I’ve received massive pushback at work trying to implement something that would have been trivial in a database, but management wanted and got a hierarchical folder structure that was virtually unsearchable and a complete failure.
I suspect that any proposal will get some pushback as well, saying that we can solve the issue with tags or with the rudimentary hierarchical page structure that already exists. This is why we have to explain very clearly how these old systems were made to deal with physical realities of index cards (à la Luhmann’s Zettelkasten) and items stored on shelves.
That’s why I like the SKOS concepts, they allow indices, (poly) hierarchies, and they can also be completely ignored and fall back on what we have now.
sounds good
I dislike specifying the full hierarchy for every item. That would also require memorizing the taxonomy or relying on autocomplete.

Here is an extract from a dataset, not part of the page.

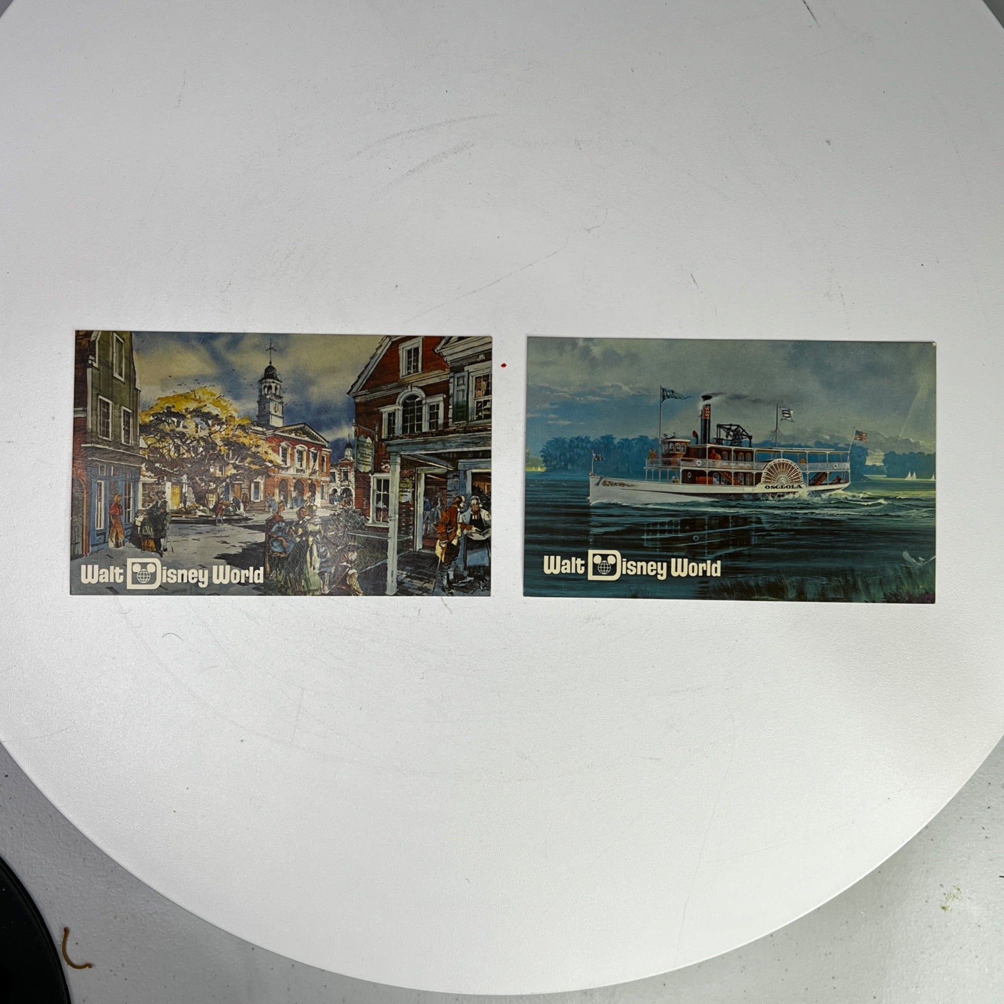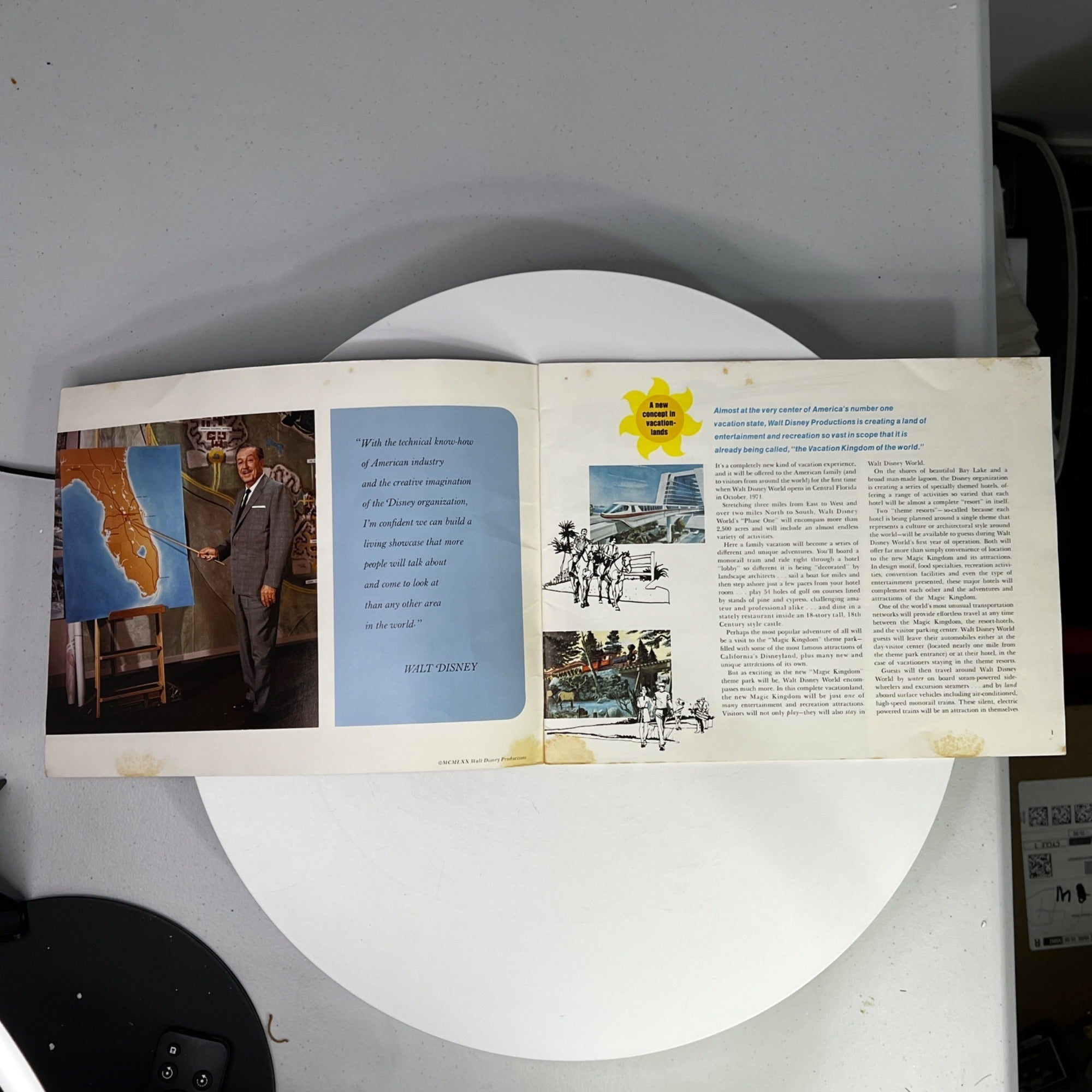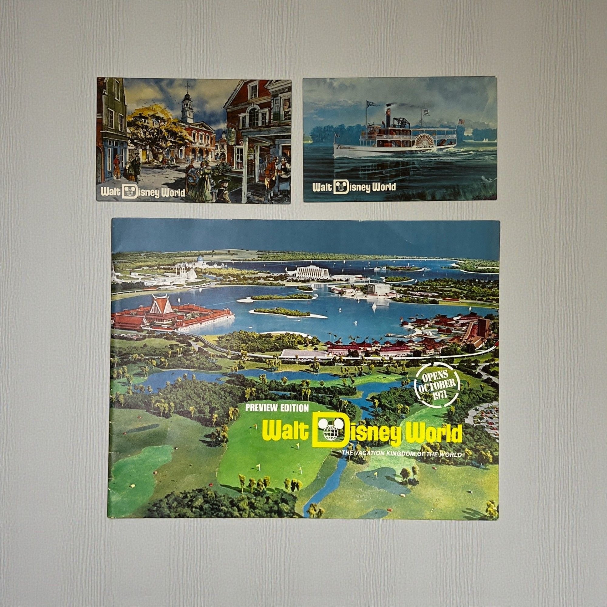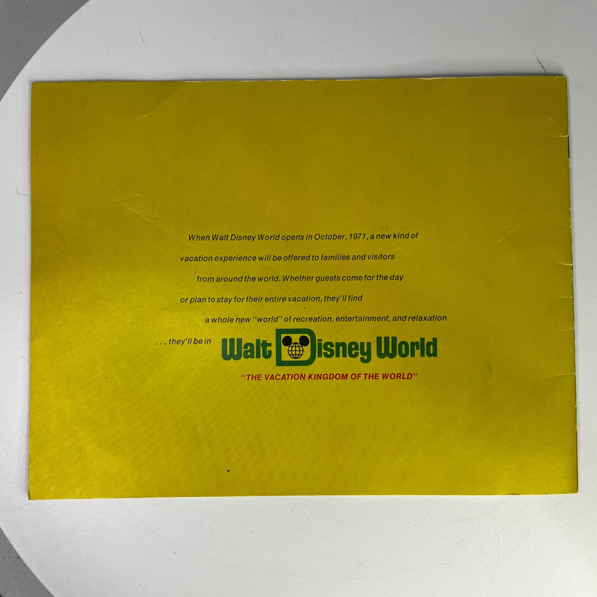 Walt Disney World Preview Edition Promotional Brochure & Post Cards from the 1970. Pretty rare piece of Disney history and also includes 2 unused post cards from the early 1970s period. Note the inscription on the back of the brochure "the vacation kingdom of the world". Some of the pages have some water stains as shown in the pictures. All pages are intact with no rips or tears.

My thought was to have a separate taxonomy file that specifies the relationships between tags. In the case of taxonomies, these are very simple nested lists. In the case of general SKOS concepts it is more complex and would require writing down the relations, but this could also be mapped to Markdown.
The process would look like this:
specify relationships between tags through user-defined taxonomies.

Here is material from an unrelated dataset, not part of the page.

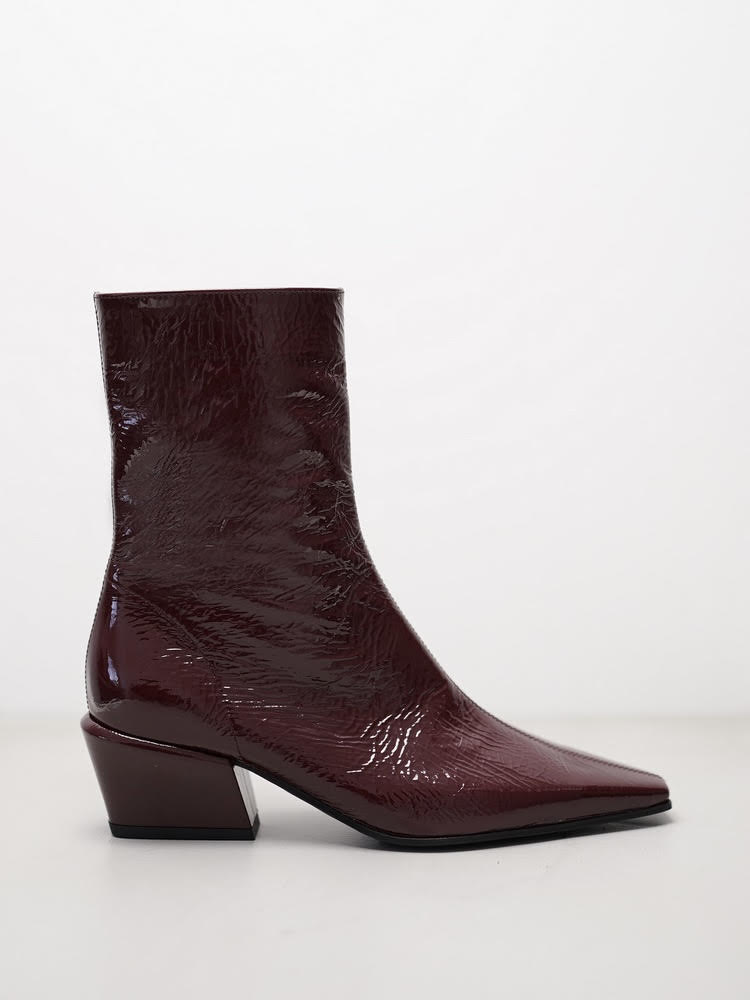מגפוני עור לק מבריקים בגוון בורדו עמוק עם חרטום מחודד ועקב גיאומטרי.

for example, we have a document that specifies the taxonomy of animals. As this is a simple list that narrows transitively it can be represented by a nested Markdown lists.

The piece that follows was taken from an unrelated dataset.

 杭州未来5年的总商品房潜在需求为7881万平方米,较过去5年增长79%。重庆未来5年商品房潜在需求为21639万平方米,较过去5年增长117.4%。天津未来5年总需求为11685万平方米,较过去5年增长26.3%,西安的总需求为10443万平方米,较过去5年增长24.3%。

Here is a small part of the classification of animals:
adding a tag automatically places the item in the right spot of the hierarchy if the tag is unique in the taxonomy
A block on the common house cat will be tagged animals:F.catus, which will make it appear in the hierarchy in the right place, it will be returned in a search Felidae etc.
if the tag appears in multiple places in the taxonomy, a sufficiently long path needs to be specified to make it unique
I don’t think this happens much in good taxonomies, but it is no problem, if there where two species with the same name but in different phyla, one just has to specify enough of the path to make it unique.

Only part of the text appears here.